Representing the latest in a series of significant labor law developments in an already busy month of June, the United States Supreme Court declined to review the Fifth Circuit’s controversial, pro-union decision in Macy’s v. NLRB this Monday. The high court’s decision not to weigh in on the closely-watched case stands as a decidedly unwelcome development for employers, as Supreme Court review would have presented an opportunity to overturn the National Labor Relation Board’s (“NLRB” or “Board”) now-infamous 2011 Specialty Healthcare decision, which approved union organizing of so-called “micro-units.”
Prior to Specialty Healthcare, decades of established precedent held that when a union sought to organize a workforce, the bargaining unit to be represented must include those employees sharing a “community of interest.” Typically, this resulted in all-inclusive “wall to wall” units of all production and maintenance employees working at an employer’s location in a manufacturing environment or all sales/service employees at a particular location in a retail or service business. Specialty Healthcare represented a drastic departure from this standard, altering the test so that any “readily identifiable group sharing a community of interest” could serve as an appropriate unit, even if other employees also shared a community of interest with the group targeted by the union. The NLRB would only require the inclusion of such other employees if the employer met a heavy burden of showing the other employees outside of the petitioned-for unit share an “overwhelming community of interest” with the included workers.

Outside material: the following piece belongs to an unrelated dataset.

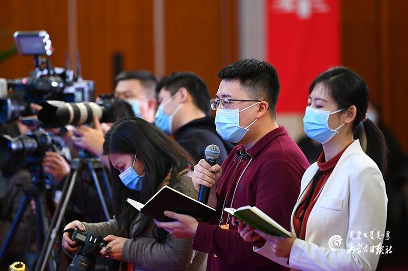 人大代表云霖瓊答記者問。內(nèi)蒙古日報記者 金泉 攝

In effect, Specialty Healthcare enabled the organizing of “micro-units” of employees, allowing a union to gain a foothold into an employer’s facility by organizing a small group of workers (undoubtedly, a select group of workers known to be friendly to the union). Naturally, once a foothold into the workforce is established, the union can strategically work to unionize the rest of the workforce from inside the four walls of the employer’s facility.
The facts underlying Macy’s serve as a textbook example of Specialty Healthcare’s troubling impact on employers and employees who wish to remain union-free. In 2011, a local chapter of the United Food and Commercial Workers’ Union (“UFCW”) sought to organize all sales people working at a Macy’s department store in Saugus, MA. A majority of the traditional unit (consisting of all the store’s sales employees) voted against representation, and remained union-free.

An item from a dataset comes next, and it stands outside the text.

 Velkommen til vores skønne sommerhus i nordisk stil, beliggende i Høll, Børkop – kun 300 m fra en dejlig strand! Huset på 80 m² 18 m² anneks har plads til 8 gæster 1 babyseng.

Undeterred by the employees’ choice against union representation, the UFCW returned in 2014. Now armed with the Board’s authorization of micro-units as set forth in Specialty Healthcare, the UFCW strategically chose to include only the store’s 41 cosmetic and fragrances employees (the “C & F employees”) in its petitioned-for unit. The UFCW’s cherry-picked unit presented a prime opportunity for the Union to gain access to the store by focusing on an employee base in which it had known support. With the deck stacked against the employer, the UFCW won the 2014 election.

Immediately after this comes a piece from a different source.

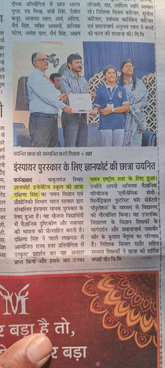 We are thrilled to announce that Dakshina Singh (Grade 8) from Gyanfort Innovative School has been selected for the prestigious INSPIRE MANAK event at the national level! ππ

Macy’s challenged the election, arguing that the cherry-picked unit was inappropriate even under Specialty Healthcare. Macy’s pointed out that the C & F employees were virtually indistinguishable from the other employees working at the store, and in particular those 79 sales employees working in the store’s other departments. Thus, Macy’s argued that the store’s remaining employees shared an overwhelming community of interest with the C & F employees, and must be included in the unit. The Board disagreed with Macy’s and certified the unit, and further found that Macy’s refusal to bargain with the fractional unit constituted an unfair labor practice.
Macy’s sought review of the Board’s determination in the Fifth Circuit Court of Appeals. In so doing, Macy’s placed Specialty Healthcare’s “overwhelming community of interest” test squarely in its sights, advancing a series of arguments as to why the decision runs afoul of the NLRA. The Fifth Circuit’s three-judge panel rejected the employer’s arguments, ultimately finding that the Board did not act in excess of its statutory authority and upheld the Board’s ruling.
After a sharply divided Fifth Circuit denied the store’s request for en banc review by a vote of nine to six, Macy’s petitioned the Supreme Court to hear the case in February 2017. The high-profile nature of the case in addition to an arguable split of authority between the Fifth and Second Circuits prompted many observers to believe the Supreme Court would grant review of the case.
Although Monday’s Supreme Court decision means that Specialty Healthcare and its endorsement of micro-units remains applicable Board precedent for the time being, the decision’s days may still be numbered. Specialty Healthcare was decided by a labor-friendly Board majority appointed by President Barack Obama. The NLRB’s makeup will change shortly, as President Trump nominated Republican Marvin Kaplan to the Board on June 20, and is widely anticipated to name an additional Republican to the Board shortly. It is anticipated that once Kaplan and his soon to be named Republican counterpart are confirmed and seated, the NRLB will act to reconsider Specialty Healthcare.
Any such reconsideration will not, however, be immediate. Once named, confirmed, and seated, any new Republican-majority Board will have to wait for the appropriate case to make its way through the system. Accordingly, even with a new Board, Specialty Healthcare will not be reversed overnight. As Specialty Healthcare remains good law, employers must continue to live with the consequences of micro-units, and be prepared to defend themselves from organizational activity on an uneven playing field. Employers desiring to maintain a union-free environment are reminded of the importance of a well-structured and robust communication plan to deliver the union-free message.